Autograph letter signed by Pierre Louÿs, addressed to Georges Louis. 61 lines on four pages written in violet ink on a double folio, envelope included.
Letter addressed to his brother Georges Louis with whom Pierre Louÿs maintained a very intimate relationship and whom he considered as his own father.
The question of Pierre Louÿs's real paternal identity still fascinates biographers today: "His father, Pierre Philippe Louis, [...] had married in 1842 Jeanne Constance Blanchin, who died ten years later after bearing him two children, Lucie and Georges. In 1855, he remarried Claire Céline Maldan, and from this union was born, in 1857, a son, Paul; then, in 1870, our writer, who received the first names Pierre Félix. This late birth, the differences in character between father and son, the former's disaffection toward the latter, the profound intimacy that always reigned between Louÿs and his brother Georges, all of this has led certain biographers and critics to suspect that the latter was in reality the writer's father. The exceptionally intimate and constant relationship that Pierre and Georges maintained between them throughout their lives could be an argument in this direction. Of course, no irrefutable proof has been discovered, and none probably ever will be.
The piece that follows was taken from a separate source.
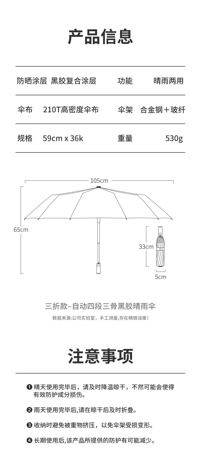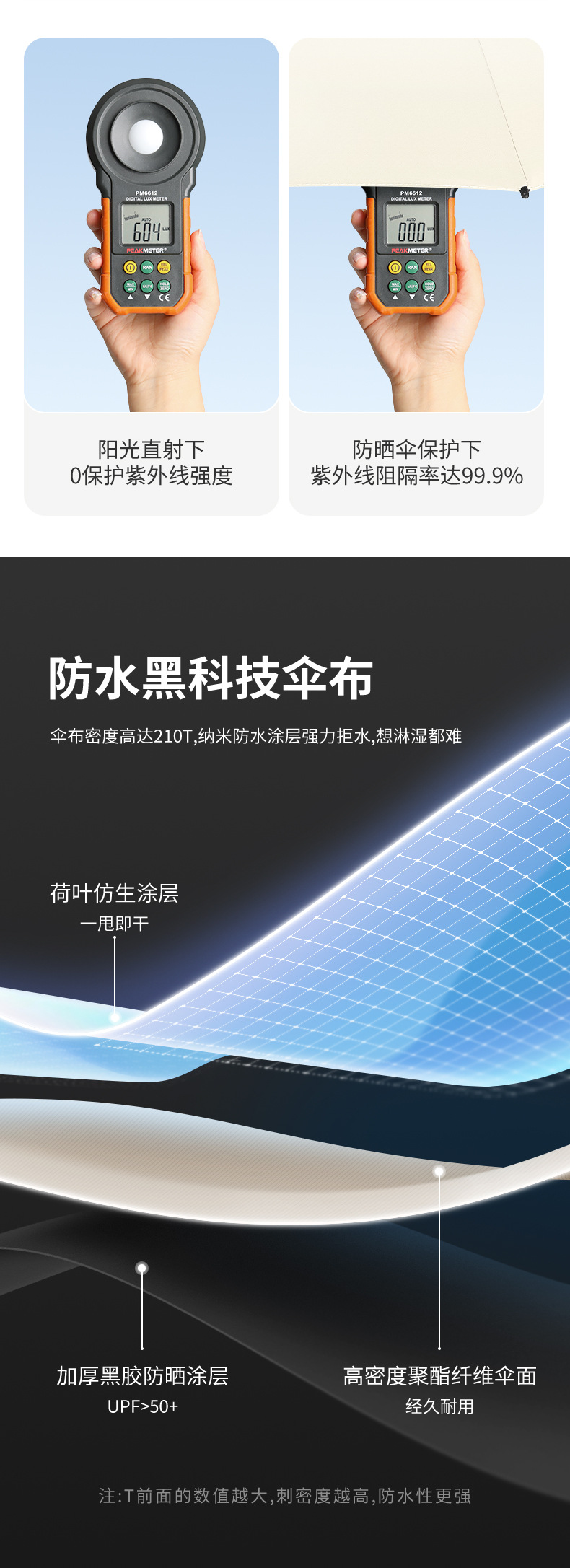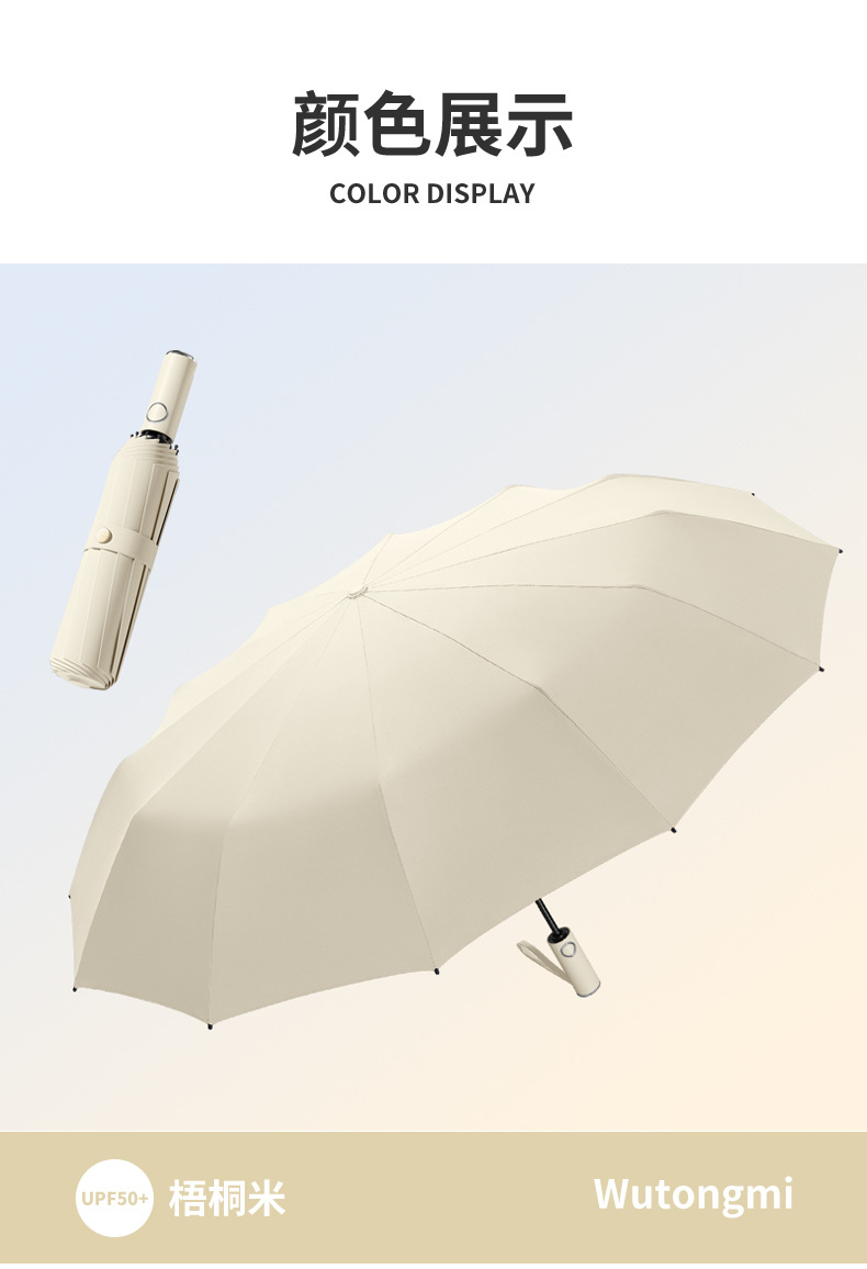 • [자동 모델 업그레이드] 10 개의 뼈 검은 접착제 햇볕이 잘 드는 우산 우통 쌀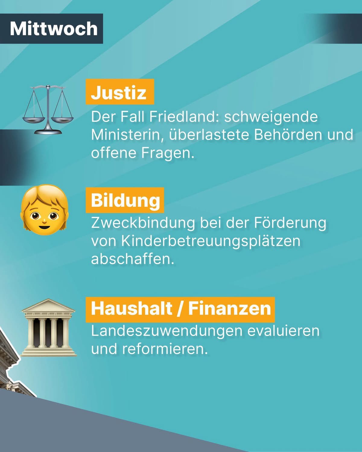 • sowie Zukunftsthemen wie digitale Polizeiarbeit und zusätzliche Medizinstudienplätze.

Nevertheless, certain letters [...] are quite troubling. In 1895, for example, Louÿs writes seriously to his brother that he knows the answer to 'the most poignant question' he could ask him, a question he has had 'on his lips for ten years.' The following year, at the height of Aphrodite's triumph, he thanks Georges effusively and ends his letter with this sentence: 'Not one of my friends has a FATHER who is to him what you are to me.' Arguing from the close intimacy between Georges and Claire Céline during the year 1870, and from the jealousy that the father never ceased to show toward his younger son, Claude Farrère did not hesitate to conclude in favor of Georges Louis. And what to think of this dedication by Louÿs to his brother on a Japan paper copy of the first edition of Pausole: To Georges, his eldest son / Pierre." (Jean-Paul Goujon, Pierre Louÿs)
Pierre Louÿs is positively surprised by the beauty of the Vincennes woods, of which he knew only one part, Lake Daumesnil, which he detests: "I knew only Lake Daumesnil from the Woods, a sort of dump even filthier than the Bois de Boulogne, full of greasy paper, bottle bottoms, chicken bones, girls in the grass. But on the other side of the polygon everything changes; there is another Vincennes woods, beautiful as la Muette, and equally grand in appearance...", which incites him to settle very nearby: "The house I have in view is situated in Vincennes itself, avenue Marigny. From its door to the Metropolitan station = 10 minutes. From this station to Concorde = 16 minutes, total journey = 26 minutes... No, it really is a charming and suitable place of residence."
Henceforth, the only impediment to his move to Vincennes is of a pecuniary nature: "Regarding the house I am considering, the agency responded: 7000 monsieur, but the owners... I am sure you could have that for 4000. I might offer 3000, not a penny more."